Knowledge System:
First, the Linux Foundation
Ii. background knowledge and origins of Hadoop
Third, build the Hadoop environment
Iv. the architecture of Apache Hadoop
V. HDFS
Vi. MapReduce
Vii. Programming cases of MapReduce
Viii. NoSQL Database: HBase
IX. Data analysis Engine: Hive
X. Data analysis Engine: Pig
XI. Data acquisition Engine: Sqoop and Flume
12. Integrated Management tools: HUE
13. Implementation of Hadoop HA and the Alliance of HDFs
14. NoSQL Database: Redis
XV, real-time processing framework: Apache Storm
The first chapter, the Linux Foundation
First, the experimental environment of Linux
(*) Version: RedHat 7.4 64-bit self-netcat server (test: Spark streaming)
(*) Vm:12
(*) Type: Redhat Linx 7 64-bit
(*) network card: Host mode only
(*) 5 virtual machines: Install JDK, configure hostname, turn off firewall
192.168.157.11 BIGDATA11
192.168.157.12 Bigdata12
192.168.157.13 Bigdata13
192.168.157.14 BIGDATA14
192.168.157.15 BIGDATA15
ii.

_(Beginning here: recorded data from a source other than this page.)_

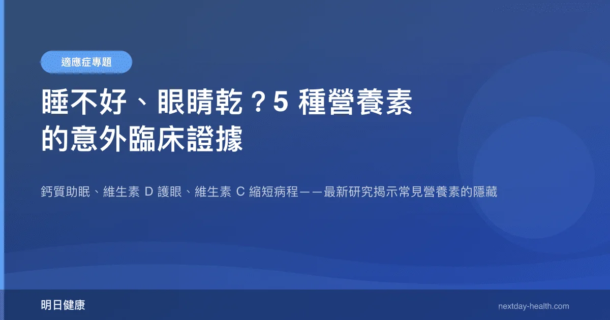 | 鈣 + 維生素 D | 改善睡眠品質 | RCT(事後分析) | B | PSQI 總分顯著改善 |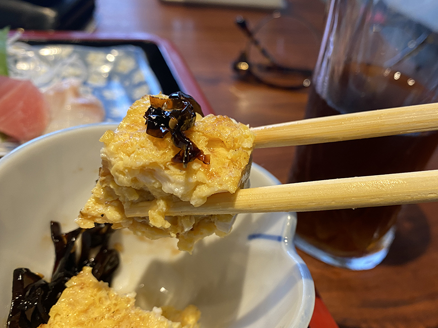 小鉢の卵焼きには昆布の佃煮が沿えられています。ちょうどいい塩味がたまりません。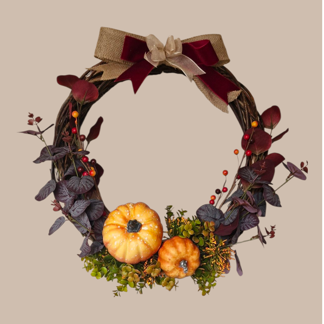 Here we have our Burgundy Delight in all it's glory. Set upon a distressed willow ring, framed with mix of dried ruscus stems alongside the gorgeous deep balmoral eucalyptus, showcasing the multi-tonal pumpkins amidst its foliage. This lovley wreath is finished with a layered hessian and velvet bow to compliment its natural beauty.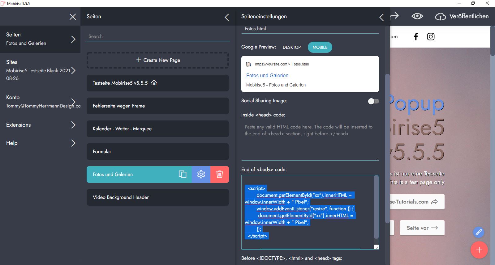 Dafür habe ich dieses JavaScript in den Seiteneinstellungen in den Bereich "End of <body> code:" eingebaut: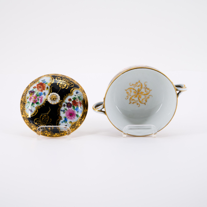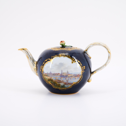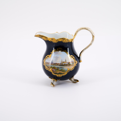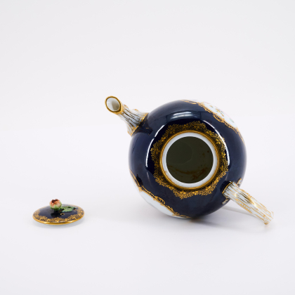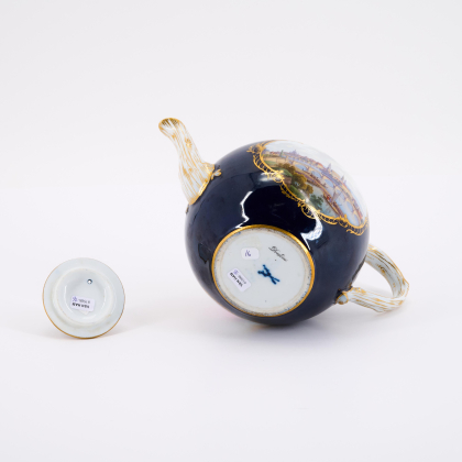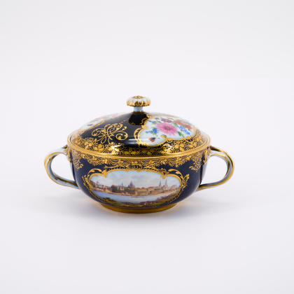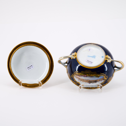 Technik: Porzellan, Kobaltblaufond, polychrom und gold staffiert.
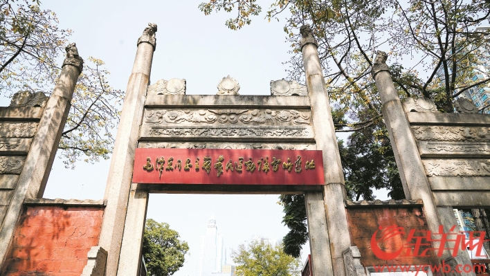 穿过纪念馆门楼,黄色的“番禺学宫”四个字悬挂在红色的屋檐上,农讲所原为番禺学宫,从唐朝全面推行科举考试开始,学宫实行庙学合一制度,这里既是祭祀孔子的地方,也是学子求学的场所。
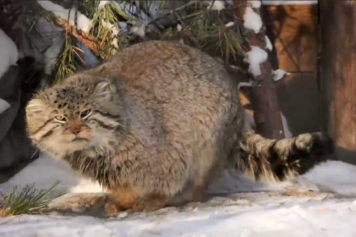 Манул по кличке Зеленогорск вышел на снежную прогулку в своем вольере в Новосибирском зоопарке и стал героем нового видеоролика.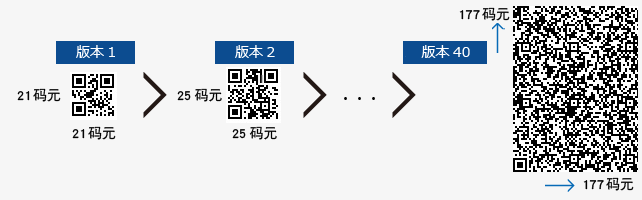 QR码设有 1 到 40 的不同版本(种类),每个版本都具备固有的码元结构(码元数)。“码元结构”是指二维码中的码元(码元是指构成QR码的方形黑白点)数。从version 1(21码元×21码元)开始,在纵向和横向各自以 4 码元为单位递增,一直到 version 40(177码元×177码元)。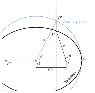 For a point on the ellipse, P = P(x, y), representing the position of an orbiting body in an elliptical orbit, the eccentric anomaly is the angle E in the figure. The eccentric anomaly E is one of the angles of a right triangle with one vertex at the center of the ellipse, its adjacent side lying on the major axis, having hypotenuse a (equal to the semi-major axis of the ellipse), and opposite side (perpendicular to the major axis and touching the point P′ on the auxiliary circle of radius a) that passes through the point P. The eccentric anomaly is measured in the same direction as the true anomaly, shown in the figure as . The eccentric anomaly E in terms of these coordinates is given by:[1]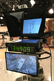 報道スタジオのカメラの特徴としては、カメラの前面にモニターとプロンプターがついていることです。モニターはキャスター用のモニターで、フロアマネージャーの手元の切り替えスイッチでいろいろな画をキャスターさんに見せることができます。また中継先とキャスターさんの掛け合いなどがある場合は、中継先の画を見せたりするのに使います。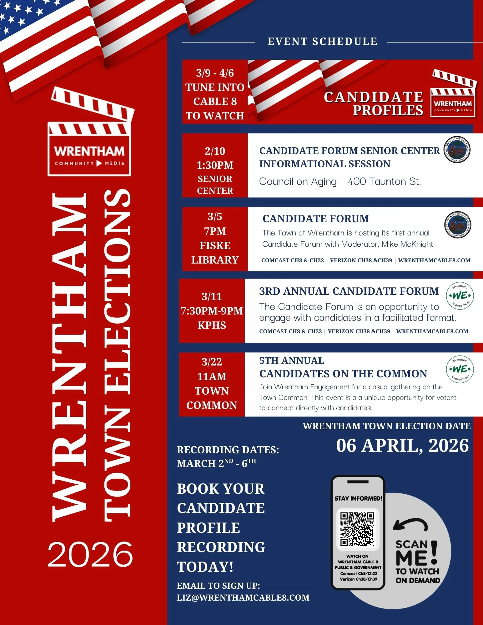 Wrentham Community Media is proud to support our local elections by offering Candidate Profile recordings for all certified candidates. These recordings provide an equal, accessible platform for you to share your background, priorities, and vision for the community in your own words.

Configuring the directory structure of Linux and Linux
1. Learn about Linux
2. Turn off the firewall
To view the status of a firewall: Systemctl status Firewalld.service
Shut down firewall: Systemctl stop Firewalld.service
Disable Firewall (permanent) systemctl disable Firewalld.service
3. Set the hostname (config file)/etc/hosts
Vi/etc/hosts
192.168.157.11 BIGDATA11
III, VI editor: Notepad equivalent to Linux
three modes:
press i--> ENTER: Insert mode
press: (colon) into command mode
2, insert mode: Press ESC to return to edit mode
3, command mode
(*) W: Save
(*) Q: Exit
(*) Wq: Save exit
(*) Open line numbers: Set number
Close line number: Set Nonumber
(*) NewLine: Set wrap
set nowrap
Four, the file Directory Operation command (key grasp: The back operation of HDFs, very convenient)

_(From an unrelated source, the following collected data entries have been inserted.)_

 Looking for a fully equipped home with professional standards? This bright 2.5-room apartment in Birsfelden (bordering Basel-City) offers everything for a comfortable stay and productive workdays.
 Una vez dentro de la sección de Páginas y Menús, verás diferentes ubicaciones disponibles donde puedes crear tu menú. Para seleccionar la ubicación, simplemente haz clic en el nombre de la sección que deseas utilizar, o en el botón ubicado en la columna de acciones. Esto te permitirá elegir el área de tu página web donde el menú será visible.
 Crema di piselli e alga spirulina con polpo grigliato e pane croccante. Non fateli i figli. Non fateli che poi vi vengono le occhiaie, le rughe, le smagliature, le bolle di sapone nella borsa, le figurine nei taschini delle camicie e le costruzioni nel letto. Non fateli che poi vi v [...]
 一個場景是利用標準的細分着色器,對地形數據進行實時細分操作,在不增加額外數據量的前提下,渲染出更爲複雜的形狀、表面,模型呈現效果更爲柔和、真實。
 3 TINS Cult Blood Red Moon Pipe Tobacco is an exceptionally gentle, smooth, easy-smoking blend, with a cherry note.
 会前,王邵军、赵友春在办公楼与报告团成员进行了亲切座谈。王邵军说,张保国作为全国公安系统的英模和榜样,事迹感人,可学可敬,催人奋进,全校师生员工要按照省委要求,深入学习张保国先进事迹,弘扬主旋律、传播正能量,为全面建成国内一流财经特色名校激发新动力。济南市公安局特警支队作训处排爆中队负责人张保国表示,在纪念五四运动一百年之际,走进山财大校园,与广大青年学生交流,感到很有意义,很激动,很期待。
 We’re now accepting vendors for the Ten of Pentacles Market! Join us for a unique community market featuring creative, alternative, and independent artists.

(*) LS display file and directory list
-L list File details
-a lists all files in the current directory, including hidden files
hidden files:. Bash_profile setting Environment variables: java_home, Hadoop_home
Hide directory:. SSH----> Configure password-free login for Hadoop and Spark
query for files in Hadoop: HDFs dfs-ls/
(*) current directory: PWD
/root---> Root user's home directory (shortcut: ~)
(*) mkdir Create directory
- P Parent directory does not exist in case of Mister into parent directory
Convention: Mkdir/root/tools---> All installation packages
mkdir/root/training---> Installation directory
Create a directory in Hadoop: HDFs dfs-mkdir/aaa
(*) CD switch directory
(*) touch generates an empty file
Echo generates a file with content----> more common usage: View environment variables
Echo $JAVA _home
(*) Cat, TAC display text file contents
The cat starts from the first line, and the TAC starts with the last line.
Example: Cat a.txt
View the contents of a file in Hadoop: HDFs dfs-cat/a.txt
(*) CP Copy file or directory
CP a.txt Data.txt
copying data in Hadoop: HDFs dfs-cp/a.txt/b.txt
RM Delete File (*)
-R Delete all files in this directory at the same time
- f Force Removal of files or directories
RM-RF a.txt
Delete files in Hadoop: HDFs dfs-rmr/a.txt
(*) Kill: Kill
Parameters:-9 forced kill
-3
(*) Tar command: Package compression
Five, Linux Rights Management (Hadoop's HDFs permissions very much like)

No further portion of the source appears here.